GET /api/v1/prescreen/lexicon
Public. No authentication required. The lexicon contains no secrets — just patterns mapped to category tags. It’s safe to fetch, cache, and inspect.
curl -i https://api.tuteliq.ai/api/v1/prescreen/lexicon
Response includes an ETag and Cache-Control: public, max-age=3600 so SDKs that send If-None-Match on subsequent fetches will get a 304 Not Modified if the lexicon hasn’t changed. Lexicon version (LEXICON_VERSION) bumps on any entry change.

Response shape

{
  "version": "2026.05.001",
  "entries": [
    {
      "id": "groom.secrecy.our-secret-en",
      "pattern": "our little secret",
      "type": "phrase",
      "flag": "SECRECY_REQUEST",
      "weight": 0.9,
      "languages": ["en"],
      "endpoints": ["grooming"]
    },
    {
      "id": "benign.greet.hi-en",
      "pattern": "hi",
      "type": "phrase",
      "flag": "BENIGN_CONTENT",
      "weight": -1,
      "languages": ["en"],
      "endpoints": ["*"]
    }
  ],
  "usage": {
    "short_circuit_when": "result.benign_only === true",
    "attach_when": "result.matches.some(m => m.weight > 0)",
    "request_field": "prescreen_flags"
  }
}

Matching contract

SDKs in any language re-implement the same matching contract:
FieldBehaviour
type: "phrase"Case-insensitive substring match: text.toLowerCase().includes(pattern.toLowerCase())
type: "regex"JavaScript-style regex compiled with the i flag, tested against the original text
languages["*"] matches any language; otherwise an ISO 639-1 lowercase match (en, es, pt, …). Default if the SDK doesn’t know the language: assume en.
endpoints["*"] applies to all; otherwise the SDK only runs entries scoped to the target endpoint (grooming, distress-signals, bullying, coercive-control, unsafe).
weight: -1Benign signal. If only benign signals match (no positive), SDK MAY skip the API call.
weight: 0..1Positive signal.

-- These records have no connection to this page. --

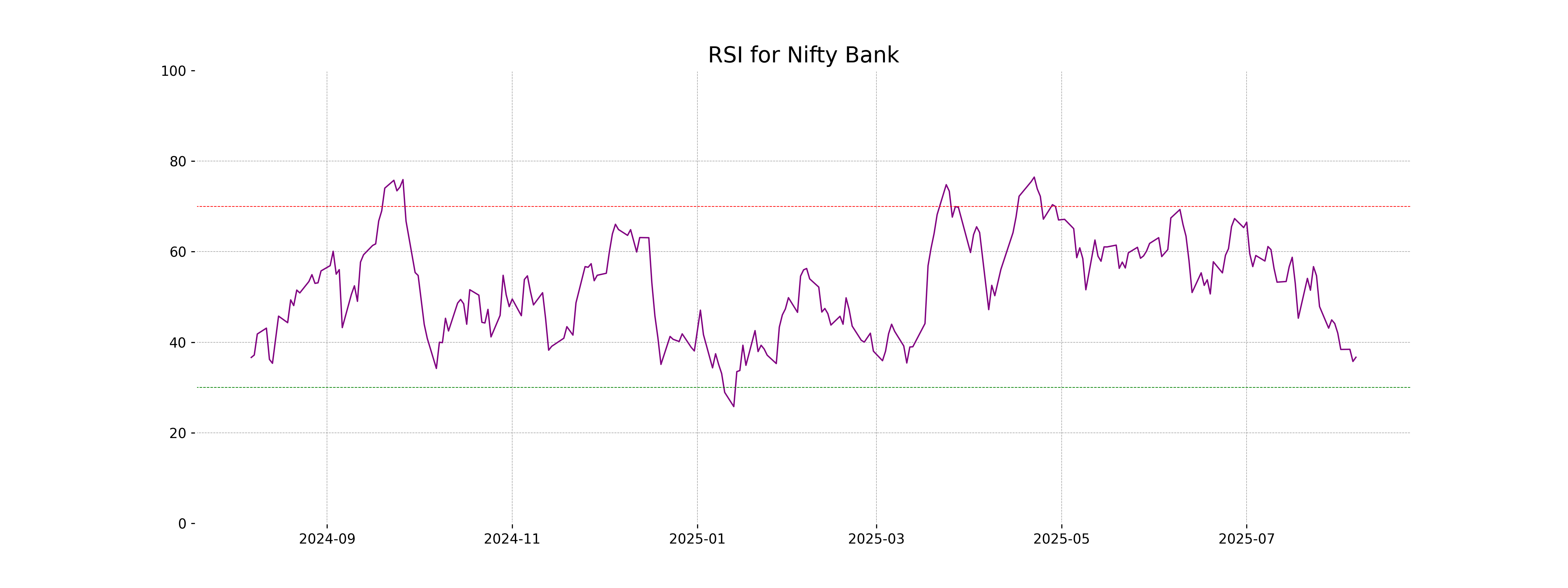 Nifty Bank's RSI is at 36.68, indicating that the index is nearing oversold conditions. This suggests potential for a reversal or bounce, as RSI levels below 30 typically indicate oversold opportunities. However, it's important to consider other indicators in conjunction with RSI for a comprehensive analysis.
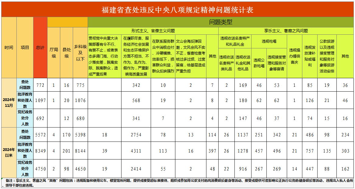 2024年11月,福建省查处违反中央八项规定精神问题772件,批评教育和处理1097人,给予党纪政务处分692人。福建省2024年以来查处违反中央八项规定精神情况如下:
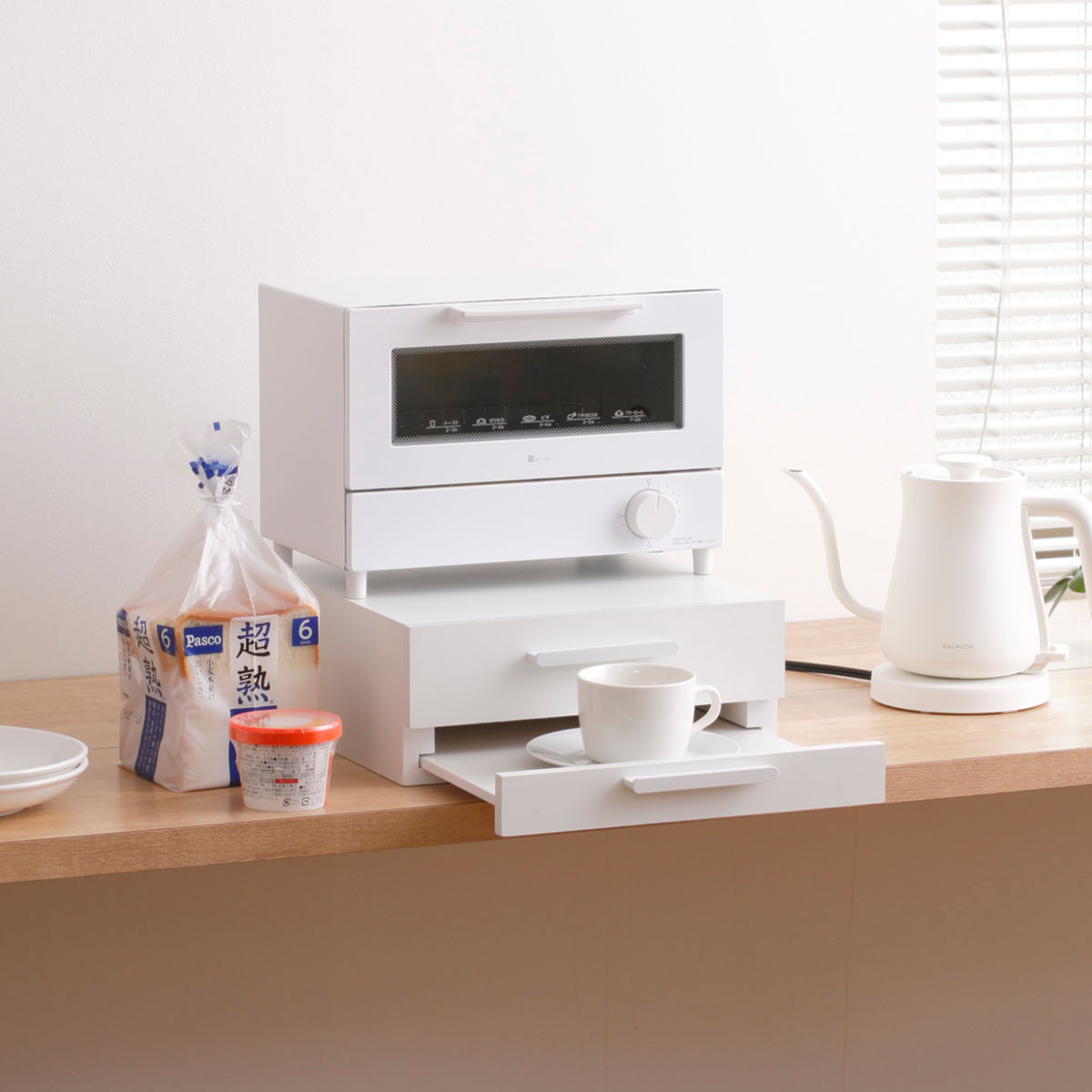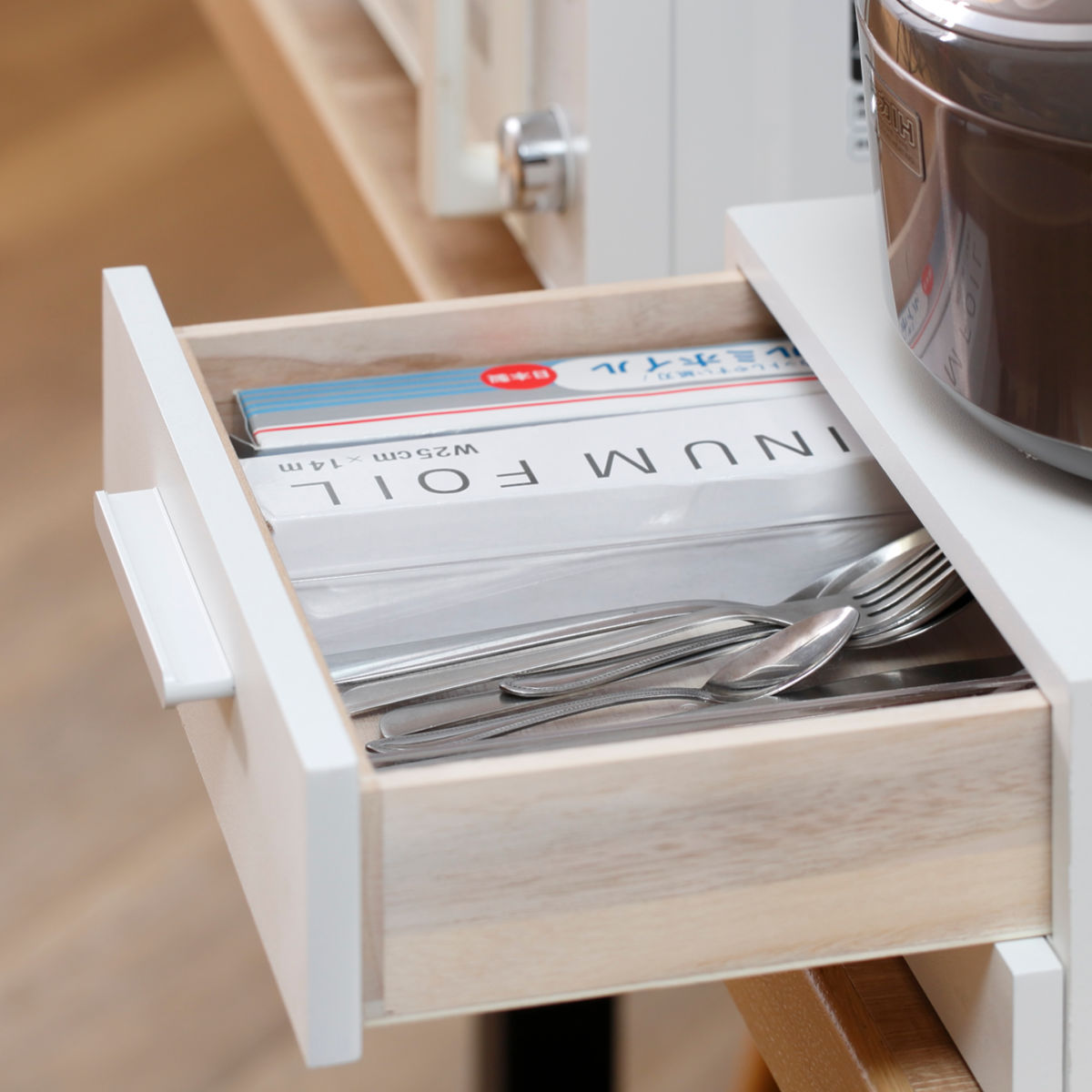 引出しには、カトラリーやラップなどをまとめて収納できるので、キッチン周りがすっきり片付きます。
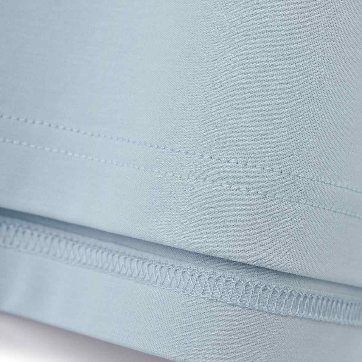 - This is a smart collar tee made from an interlock knit fabric composed of 65% cotton, 30% modal, and 5% mulberry silk. It features a crew neck, short sleeves, and a slim fit. The t-shirt also has an embroidery detail. .
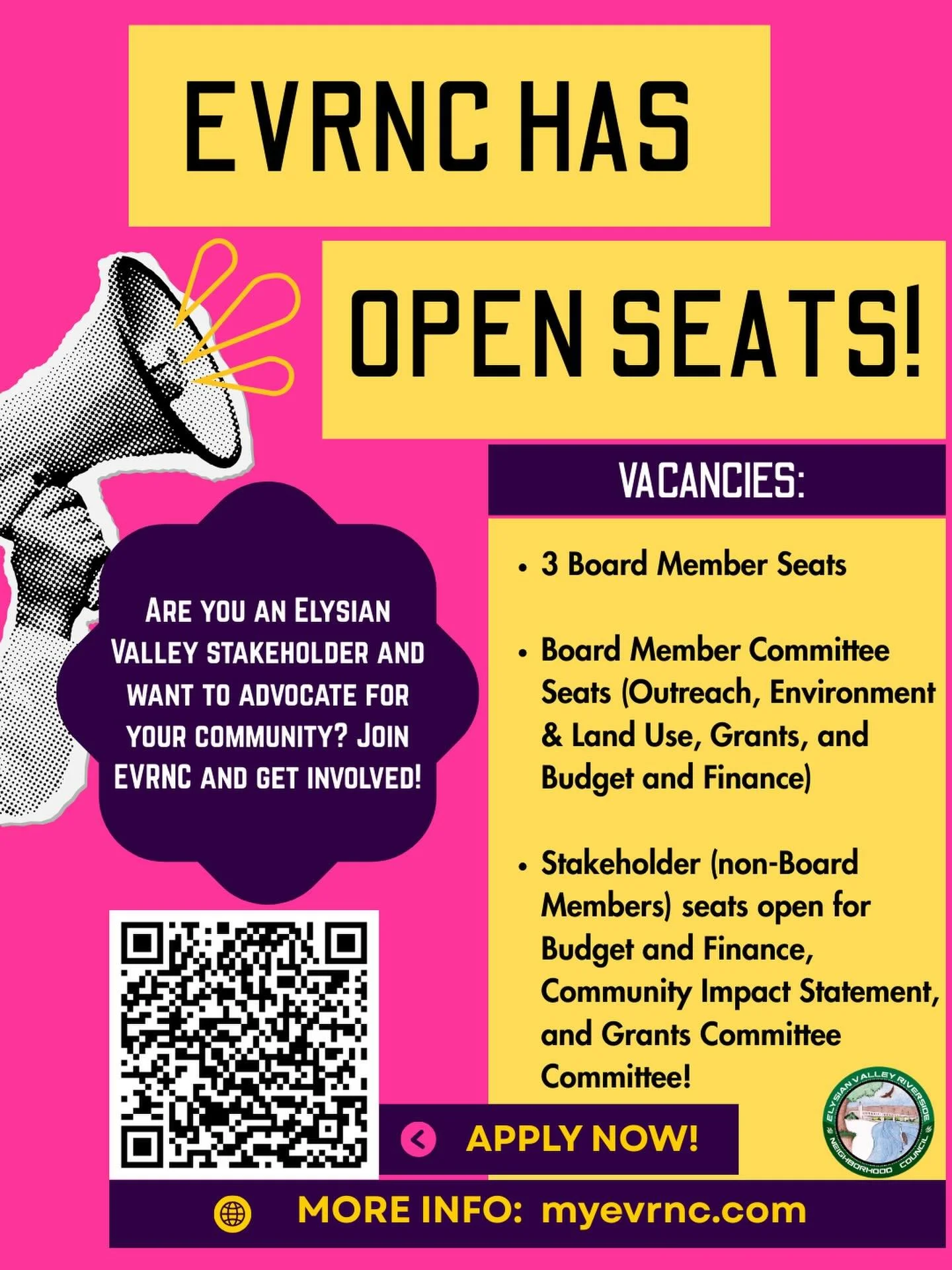 Attention Elysian Valley stakeholders: EVRNC has open board member and committee seats! Come advocate for your community and get involved. Apply here. Committee vacancies can be found on committee pages and board vacancies are always updated here.
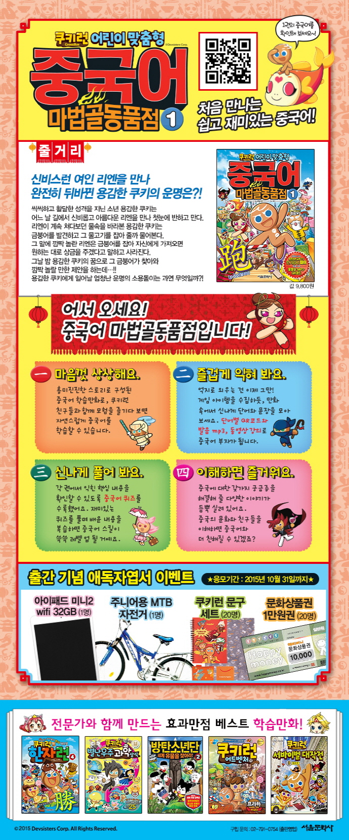 Ã¥¼Ò°³Èï¹ÌÁøÁøÇÑ ½ºÅ丮·Î ±¸¼ºµÈ Áß±¹¾î ÇнÀ¸¸È·Î, ÄíŰ·± Ä£±¸µé°ú ÇÔ²² ¸ðÇèÀ» Áñ±â´Ù º¸¸é ÀÚ¿¬½º·´°Ô Áß±¹¾î¸¦ ÇнÀÇÒ ¼ö ÀÖ½À´Ï´Ù. ¶ÇÇÑ Àç¹ÌÀÖ°Ô ÇнÀÇÒ ¼ö ÀÖµµ·Ï °ÔÀÓ ¾ÆÀÌÅÛÀ» ¼öÁýÇϵí, ¸¸È ¼Ó¿¡¼ ½Å³ª°Ô ´Ü¾î¿Í ¹®ÀåÀ» ¸ðÀ» ¼ö ÀÖ¾î¿ä. °÷°÷¿¡ ÀÖ´Â QRÄÚµå·Î ½±°í Àç¹ÌÀÖ°Ô Áß±¹¾î ¹ßÀ½À» µû¶óÇØ º¸¼¼¿ä. °¢ ±Ç ¸¶Áö¸·¿¡ ¼ö·ÏÇÑ Çٽɳ»¿ëÀº ³»¿ëÀ» È®ÀÎÇÒ ¼ö ÀÖ´Â ÄûÁî°¡ ÀÖ¾î ³»¿ëÀ» º¹½ÀÇÒ ¼ö ÀÖÀ¸¸ç, Áß±¹¿¡ ´ëÇÑ °®°¡Áö ±Ã±ÝÁõÀ» ÇØ°áÇØ ÁÙ ´Ù¾çÇÑ À̾߱â±îÁö °¡µæ ´ã¾Ò½À´Ï´Ù.

SDK MUST attach the match to the API request as a prescreen_flags item.

Result shape

interface PrescreenResult {
  matches: Array<{ id: string; flag: string; weight: number }>;
  benign_only: boolean;        // only BENIGN_CONTENT matched, no positive signals
  max_positive_weight: number; // 0 if no positive matches
}

SDK behaviour (reference)

import { runPrescreen, fetchLexicon } from '@tuteliq/sdk';

const lexicon = await fetchLexicon(); // cached locally; only re-fetches on ETag mismatch

async function checkGrooming(text: string) {
  const prescreen = runPrescreen(text, { endpoint: 'grooming', language: 'en' }, lexicon);

  // Short-circuit on clearly-benign content
  if (prescreen.benign_only) {
    return { detected: false, source: 'sdk-prescreen' };
  }

  // Attach positive matches to the API request as structured hints
  return tuteliq.safety.grooming.detect({
    text,
    prescreen_flags: prescreen.matches.filter(m => m.weight > 0),
  });
}

Privacy properties

  • The lexicon is public — anyone can fetch and inspect it. No model weights, no proprietary scoring.
  • The matching is local — content matched on-device never leaves the device unless the SDK decides to make an API call.
  • Benign short-circuits — clearly-benign content never reaches Tuteliq at all.
  • Server-side acceptance is opt-in — passing prescreen_flags on a detection request is supported and used as a prior; it never substitutes for the full server-side analysis.

What’s NOT in v1

  • Multi-language entries beyond English — coming in subsequent lexicon versions. SDKs that don’t recognise the language fall back to en patterns; we plan to ship es, pt, fr, de next.
  • Machine-learned patterns — v1 is curated, hand-written phrases focused on precision-per-pattern. The bar to add an entry is intentionally high — false-positive benign matches would cause SDKs to silently drop concerning content.
  • Per-customer custom lexicons — every SDK runs the same public lexicon. Custom patterns are a P3 follow-up.

Versioning

The version field (e.g. 2026.05.001) bumps on any change to entries. SDKs cache by version. Old SDK versions keep working with their cached lexicon — they’re just less sharp until the next SDK release pulls the new one. Two-week target cadence for additions; faster for removals. If you spot a false positive (benign content matching as a positive signal) please report it — those are the highest-priority lexicon fixes.